Reviewed by MIKE TOONEY:


AGATHA CHRISTIE – And Then There Were None. Washington Square Press (Pocket Books), hardcover, July 1973; 173 pages. ISBN 0-671-70466-4.

   If you haunt used book stores (ever dwindling numerically) like I do, you occasionally come across something unexpected. Such was the case with this particular edition of an Agatha Christie novel:

AGATHA CHRISTIE And Then There Were None

   This is a hardcover version of the mass-market paperback (and there is no mention anywhere in this edition of the book’s original, politically incorrect title).

   What makes this version special is the 48-page “Reader’s Supplement” inserted in the middle of the text. Clearly, the supplement is aimed at students, probably in high school.

   The supplement breaks down as follows:

       1.   Portrait photo of Agatha Christie (1 page)

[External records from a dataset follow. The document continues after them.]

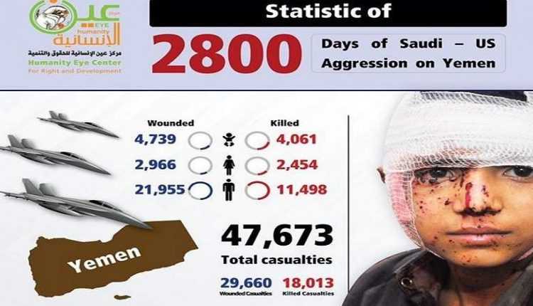 أصدر مركز عين الإنسانية، اليوم السبت، تقريراً يوثق جرائم العدوان الأمريكي السعودي الإماراتي بحق الشعب اليمني خلال 2800 يوم من العدوان.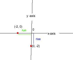 Slope = 0 - (-2) / -2 - 0 = 2 / -2 = -1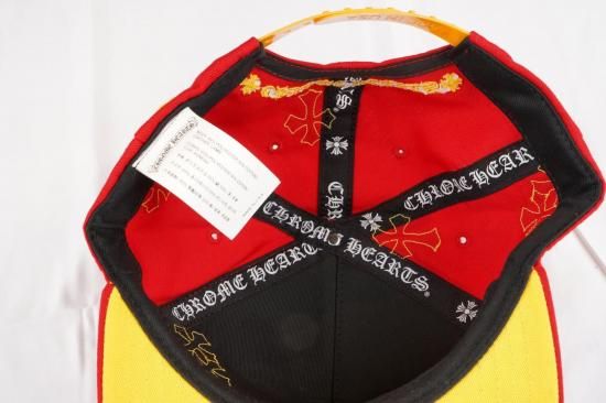 クロムハーツ ベースボールキャップ クロスパッチ刺繍イエロー 5パネル レッド S品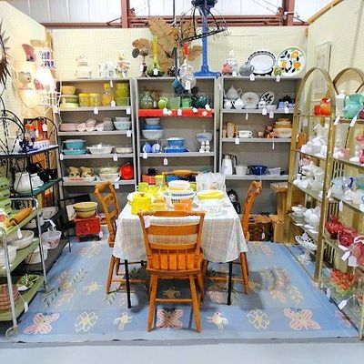 Large, multi-vendor establishment offering a vast and eclectic collection of antiques and collectibles. With over 200 dealers, it features a wide variety of items including furniture, vintage clothing, art, glassware, toys, and unique curiosities.
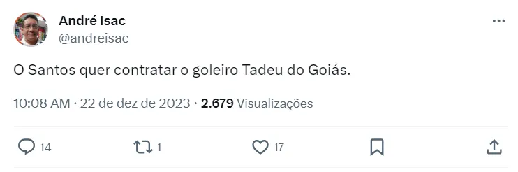 Também rebaixado, o Santos se interessa por Tadeu e, de acordo com André Isac, deseja a contratação do goleiro para 2024. O Peixe busca se reforçar no mercado para a uma intensa disputa de Série B.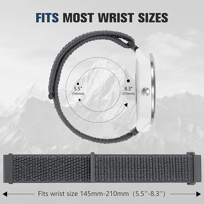 - Ultra-Comfort Breathable Nylon Strap: Engineered with premium moisture-wicking nylon, this featherlight replacement sport 20mm watch band contours to your wrist with cloud-like softness. Its advanced airflow weave technology actively combats sweat accumulation, maintaining all-day freshness whether you're crushing workouts or navigating daily tasks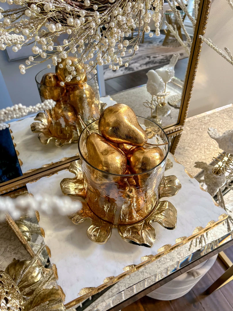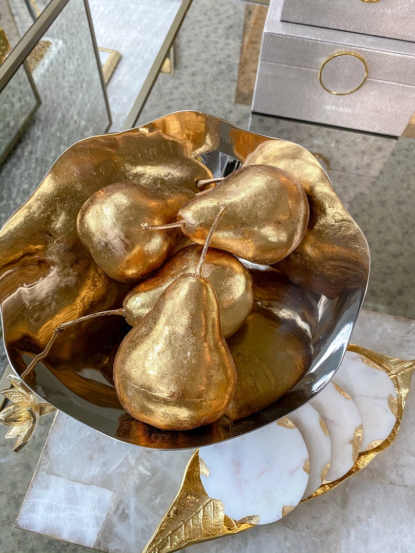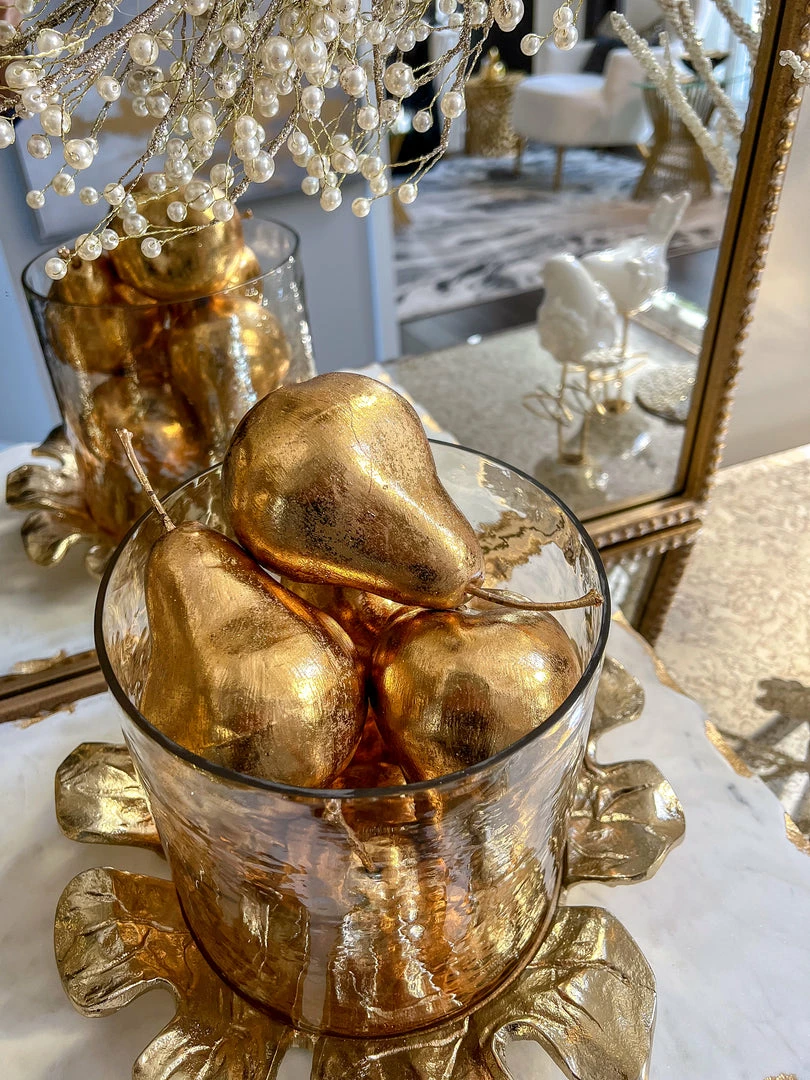 This set of 4 gold pears are perfect to add to your bowl fillers or to display on your tree, they have a nice metallic gold finish and are a great shape!
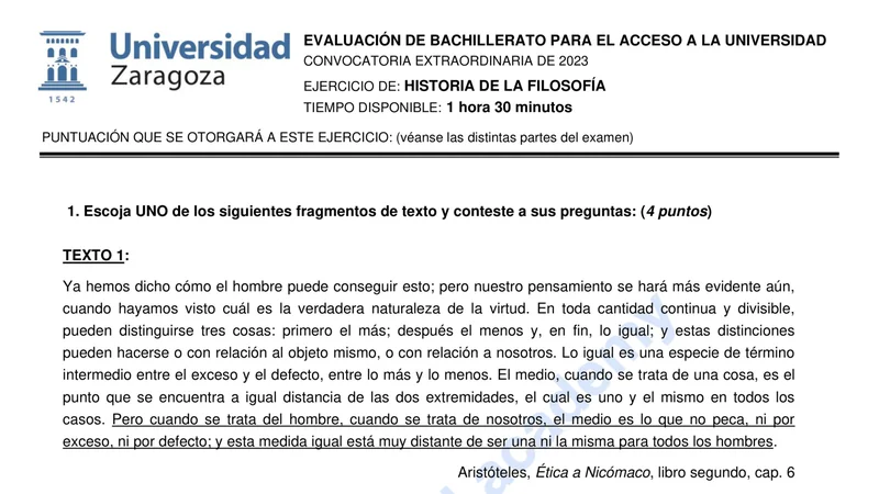 Examen de Historia de la Filosofía selectividad Aragón — Extraordinaria 2023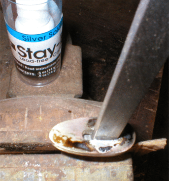 Soldering OK, I've held off on doing this tutorial long enough, mainly since I'm such a poor solderer. It's really not that tough to do. I think a lot of people just have a mental block against it. Soldering is for both strength and looks and makes your creation look extremely professional. I tried a number of hardware store solders and kept getting frustrated. Once you try this Stay Brite stuff you'll never try anything else. It flows at a low 430 degrees but is a lot stronger than regular silver solder. |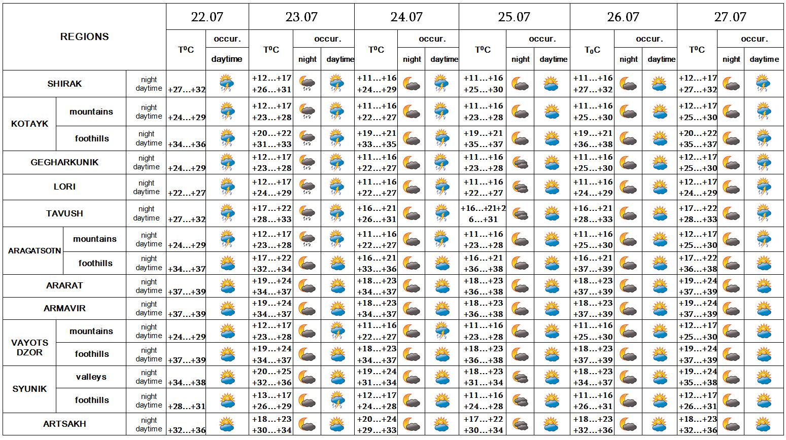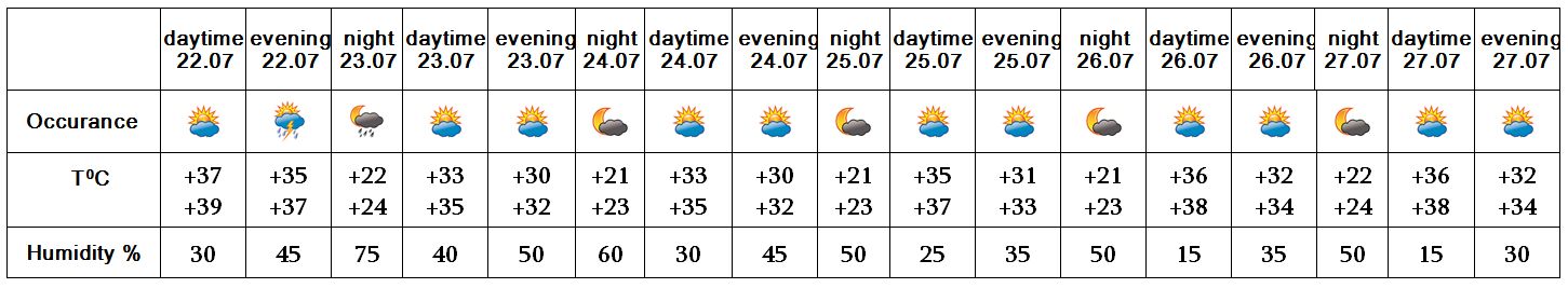 On July 22-24, on 27 mainly in the afternoon in separate places rain with thunderstorm is predicted, in separate places hail is also possible. On July 25-26 no precipitation is predicted.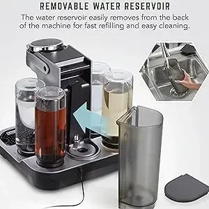 Less Time Cleaning, More Time EnjoyingThe automatic rinse minimizes cleaning and prevents the previous cocktail's ingredients from mixing with the next one. Capsules up with spring assistance for quick removal and glass bottles are dishwasher safe. |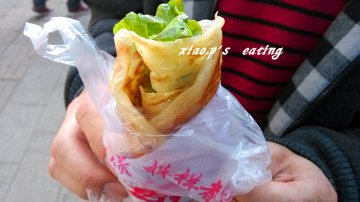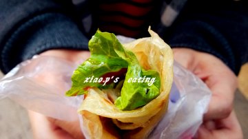 这是我第一次吃【台湾手抓饼】哟~以前在路上看到很多类似的店,也不知道哪个正宗,哪个不地道,这次是饿的不行了,先随便吃点东西填填肚子~品种还不少,有纯素的,有夹里脊的、火腿的——像卤肉饼一样的赶脚~嘿嘿踟蹰了好一会儿,最终决定要了鸡蛋手抓饼,4.5元~店老板是个年轻小伙子,还挺热心的,我选了好半天终于选定之后,他立马就做起来了——一边烙饼一边炸鸡蛋,手法很是娴熟呀~酱料貌似也有好几种选择,有千岛酱,沙拉酱,番茄酱blablabla~我还是比较传统的孩纸,要的番茄酱,看起来好美腻!~最后拿到手的时候,就是卷饼的样子了,绿绿的生菜,配合鸡蛋,向来都是我大爱!所以看到的时候就食欲大起~一口咬下,一点也不油,烙饼很酥,一层一层的,咸淡正好,番茄酱给的不多不少,酸甜适中~生菜很嫩很新鲜,好吃!鸡蛋还是糖心的,美味不解释!…查看更多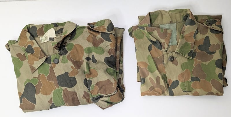 1989 MILITARY CORPERAL CAMO SHIRT AND 1992 MILITARY CAMO SHIRT.
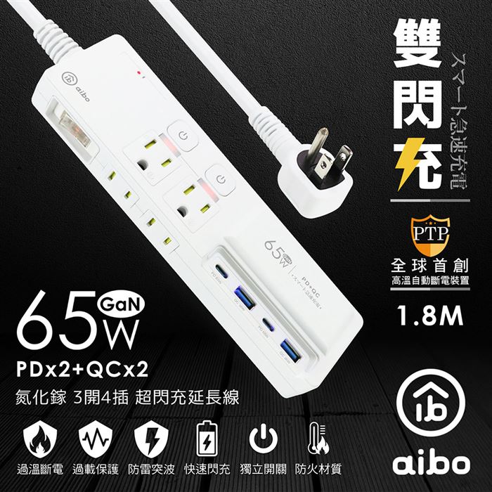 GaN氮化鎵 3開4插 高溫斷電智慧 PD65W超閃充USB延長線1.8米加入購物車折100元原價$35,801特價$1,290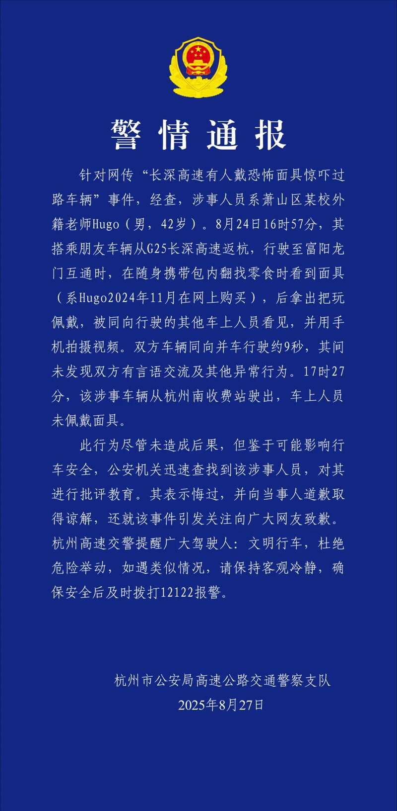 杭州高速交警微信公号  |  2025-08-27 08:16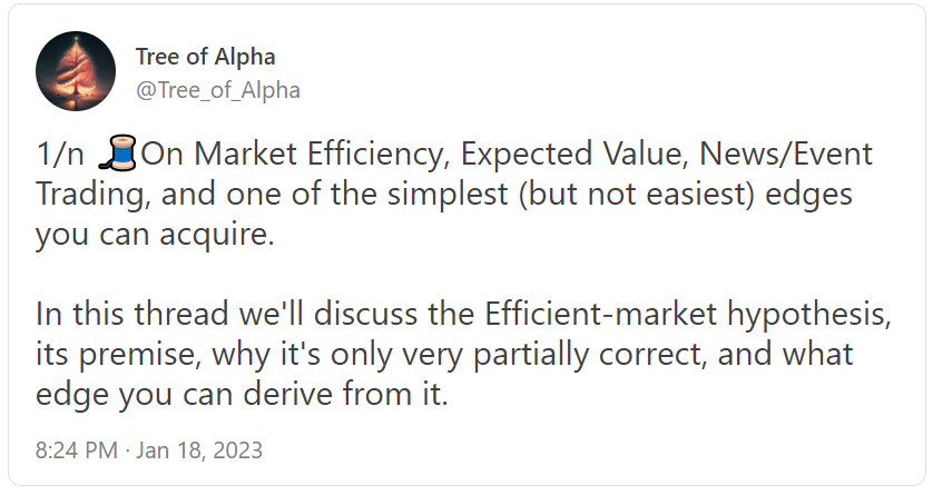 但我读了@tree_of_alpha的一篇文章,再次提醒我,如果你想在加密货币领域占据优势,效率是多么重要。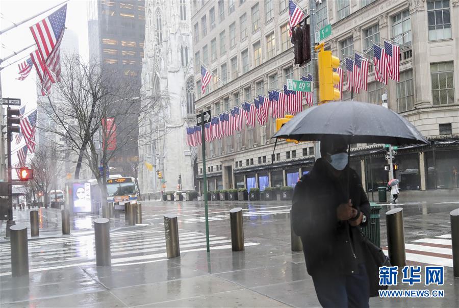 3月23日,美國(guó)紐約第五大道上行人稀少。新華社記者王迎攝

       2. “Biographical Background” (3 pages)

       3. “Historical Background” (2 pages)

       4. “Pictorial Background” (22 pages)

       5. “Visual Glossary” (2 pages)

       6. “Literary Allusions and Notes” (5 pages)

       7. “Critical Excerpts” (13 pages).

    “Pictorial Background” (all photos are B&W and grainy):

“A View of the Terraces at Torquay” – “Agatha Christie with Her Husband at Their Devonshire Home” – “A Third-class Coach on an English Train” (sketch) – “A Striking View of the Plymouth Shoreline” – “The Devonshire Countryside” – “An English Village Similar to Sticklehaven” – “A Flashy Sports Car of the Period” – “The Occupants of the Motor Boat to Indian Island” (scene from the 1945 movie) – “A ‘Correct’ English Butler” (sketch) – “Harley Street, London, Where Numerous Doctors Practice” – “The Guests Enjoy Their First Dinner” (1945 movie) – “A Gramophone—1905” (sketch) – “A British Courtroom Scene” – “Some of the Guests on the Terrace” (1945 movie) – “A Rocky Coast in Devonshire” – “Vera and General MacArthur at the Shore” (1945 movie) – “A Tea Tray and Service” – “Another Shocking Warning” (1945 movie) – “The Latest Victim” (1945 movie) – “The Last Two Survivors in a Showdown” (1945 movie) – “… And Then There Were None ….” (1945 movie) – “Scotland Yard, Viewed from Westminster Bridge—1940s”.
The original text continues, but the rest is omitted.